━━━ Working data
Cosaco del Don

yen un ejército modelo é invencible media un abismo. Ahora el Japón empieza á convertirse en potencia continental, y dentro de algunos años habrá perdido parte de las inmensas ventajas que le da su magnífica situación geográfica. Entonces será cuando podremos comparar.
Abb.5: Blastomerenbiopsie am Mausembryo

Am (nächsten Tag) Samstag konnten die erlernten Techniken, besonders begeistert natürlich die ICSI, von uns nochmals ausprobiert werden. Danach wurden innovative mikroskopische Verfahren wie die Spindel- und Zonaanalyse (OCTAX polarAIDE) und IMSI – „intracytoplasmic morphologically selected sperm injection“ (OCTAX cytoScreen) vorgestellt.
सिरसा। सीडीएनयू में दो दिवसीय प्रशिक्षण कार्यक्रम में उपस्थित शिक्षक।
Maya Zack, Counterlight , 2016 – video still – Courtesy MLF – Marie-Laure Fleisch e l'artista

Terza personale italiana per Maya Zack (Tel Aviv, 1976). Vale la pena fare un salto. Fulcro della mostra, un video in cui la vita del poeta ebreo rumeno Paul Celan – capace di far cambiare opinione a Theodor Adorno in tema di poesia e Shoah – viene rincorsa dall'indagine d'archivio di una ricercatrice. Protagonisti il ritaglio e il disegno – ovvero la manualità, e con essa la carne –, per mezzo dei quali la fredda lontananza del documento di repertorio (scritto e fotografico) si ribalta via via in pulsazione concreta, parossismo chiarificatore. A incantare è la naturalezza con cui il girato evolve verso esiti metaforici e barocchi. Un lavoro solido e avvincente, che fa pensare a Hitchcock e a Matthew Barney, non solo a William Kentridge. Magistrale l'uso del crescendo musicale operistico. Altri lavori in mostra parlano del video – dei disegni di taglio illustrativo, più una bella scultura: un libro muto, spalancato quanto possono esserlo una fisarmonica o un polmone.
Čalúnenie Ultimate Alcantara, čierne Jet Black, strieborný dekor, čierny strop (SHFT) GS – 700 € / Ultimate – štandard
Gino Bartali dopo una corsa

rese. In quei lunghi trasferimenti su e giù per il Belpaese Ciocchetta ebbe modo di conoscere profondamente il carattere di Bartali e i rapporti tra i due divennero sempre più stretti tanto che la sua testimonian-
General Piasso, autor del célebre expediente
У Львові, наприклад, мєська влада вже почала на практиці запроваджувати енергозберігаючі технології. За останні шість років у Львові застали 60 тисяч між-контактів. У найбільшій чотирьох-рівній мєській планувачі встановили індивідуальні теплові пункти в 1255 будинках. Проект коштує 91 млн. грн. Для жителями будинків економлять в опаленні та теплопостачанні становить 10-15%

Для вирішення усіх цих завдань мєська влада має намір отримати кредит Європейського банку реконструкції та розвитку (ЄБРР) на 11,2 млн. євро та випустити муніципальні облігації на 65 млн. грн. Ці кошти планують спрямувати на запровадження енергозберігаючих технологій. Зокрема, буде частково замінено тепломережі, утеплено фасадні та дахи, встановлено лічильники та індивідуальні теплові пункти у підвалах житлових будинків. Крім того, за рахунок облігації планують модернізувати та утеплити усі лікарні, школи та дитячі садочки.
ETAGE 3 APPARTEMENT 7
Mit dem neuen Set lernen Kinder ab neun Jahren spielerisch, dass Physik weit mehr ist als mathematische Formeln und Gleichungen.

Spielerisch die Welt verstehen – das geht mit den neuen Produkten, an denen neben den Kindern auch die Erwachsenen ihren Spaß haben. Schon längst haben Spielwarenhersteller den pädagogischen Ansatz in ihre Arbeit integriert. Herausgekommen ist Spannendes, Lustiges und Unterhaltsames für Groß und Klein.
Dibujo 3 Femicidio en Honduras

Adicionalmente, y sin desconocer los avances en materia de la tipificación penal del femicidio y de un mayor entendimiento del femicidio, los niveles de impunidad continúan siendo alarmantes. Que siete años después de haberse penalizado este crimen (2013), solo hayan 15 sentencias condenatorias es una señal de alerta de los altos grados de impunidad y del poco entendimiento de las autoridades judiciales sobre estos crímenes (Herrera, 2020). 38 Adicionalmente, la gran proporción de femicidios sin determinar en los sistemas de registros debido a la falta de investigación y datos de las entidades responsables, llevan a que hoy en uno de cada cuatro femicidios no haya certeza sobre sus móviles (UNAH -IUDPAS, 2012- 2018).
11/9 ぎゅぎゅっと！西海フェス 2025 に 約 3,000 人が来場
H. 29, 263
━━━━━━
Task:
Leave out every line after the one with "Abb.5: Blastomerenbiopsie am Mausembryo". Reproduce the material above exactly from its first line through that line.

Answer to this exercise:
Cosaco del Don

yen un ejército modelo é invencible media un abismo. Ahora el Japón empieza á convertirse en potencia continental, y dentro de algunos años habrá perdido parte de las inmensas ventajas que le da su magnífica situación geográfica. Entonces será cuando podremos comparar.
Abb.5: Blastomerenbiopsie am Mausembryo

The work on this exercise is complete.